Then given any $U \in \mathfrak{su}(2)$, we have $\Phi_A(U) =AUA^{-1}$. Now with respect to the inner product $\langle A,B\rangle = \frac{1}{2}\textrm{Tr}(AB)$ on $\mathfrak{su}(2)$ $\Phi_A$ is an orthogonal linear transformation. Now because $\Phi$ is a continuous group homomorphism it must map connected sets to connected sets, so that in particular $\textrm{Im} \Phi$ is necessarily contained in $SO(3)$. The fact that $SU(2)$ is connected comes from the fact that as a topological space it is homeomorphic to $S^3$. Now we already know that a general element of $SU(2)$ looks like

$$A = \left(\begin{array}{cc} \alpha & -\overline{\beta} \\ \beta & \overline{\alpha} \end{array}\right)$$

for $\alpha,\beta \in \Bbb{C}$ satisfying $|\alpha|^2 + |\beta|^2 = 1$. You can use this to compute the kernel of $\Phi$, namely find those matrices $A$ in $SU(2)$ such that $AE_iA^{-1} = E_i$ for $i = 1,2,3$. If you bash this out you will get that the kernel is precisely $\{\pm I\}$. We now show that $\Phi$ is surjective.

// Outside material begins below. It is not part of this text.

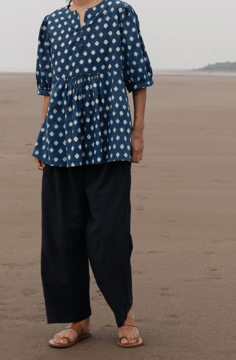 Our very own fabric design has been hand dyed and handwoven by our specialised skilful weavers on handloom in West Bengal using traditional weaving techniques.  We support to keep traditional crafts alive.

Suppose you know that $\Phi$ is a covering map. Then there is $U$ open about the identity $I \in SO(3)$ and $V$ open about the identity $I$ in $SU(2)$ such that $U$ is homeomorphic to $V$.

Let $\langle U \rangle$ denote the subgroup generated by the set $U$. Then $\langle U \rangle$ must be contained in $\textrm{Im} \Phi$ that is a subgroup. However because $U$ is open it is also closed using an argument via cosets and connectedness of $SO(3)$ now implies that $SO(3) \subseteq \textrm{Im}\Phi$. It follows that $\Phi$ is surjective and so we have proven that

$$SU(2)/\{ \pm I\} \cong SO(3).$$

$\hspace{6in} \square$

I should say that there is also another argument to prove that $\Phi$ is surjective. Namely, we already know that the associated Lie algebra homomorphism

$$\phi : \mathfrak{su}(2) \longrightarrow \mathfrak{SO}(3)$$

is an isomorphism, so it would suffice to prove that the map

$$\textrm{exp} : \mathfrak{SO}(3) \longrightarrow SO(3)$$

is surjective.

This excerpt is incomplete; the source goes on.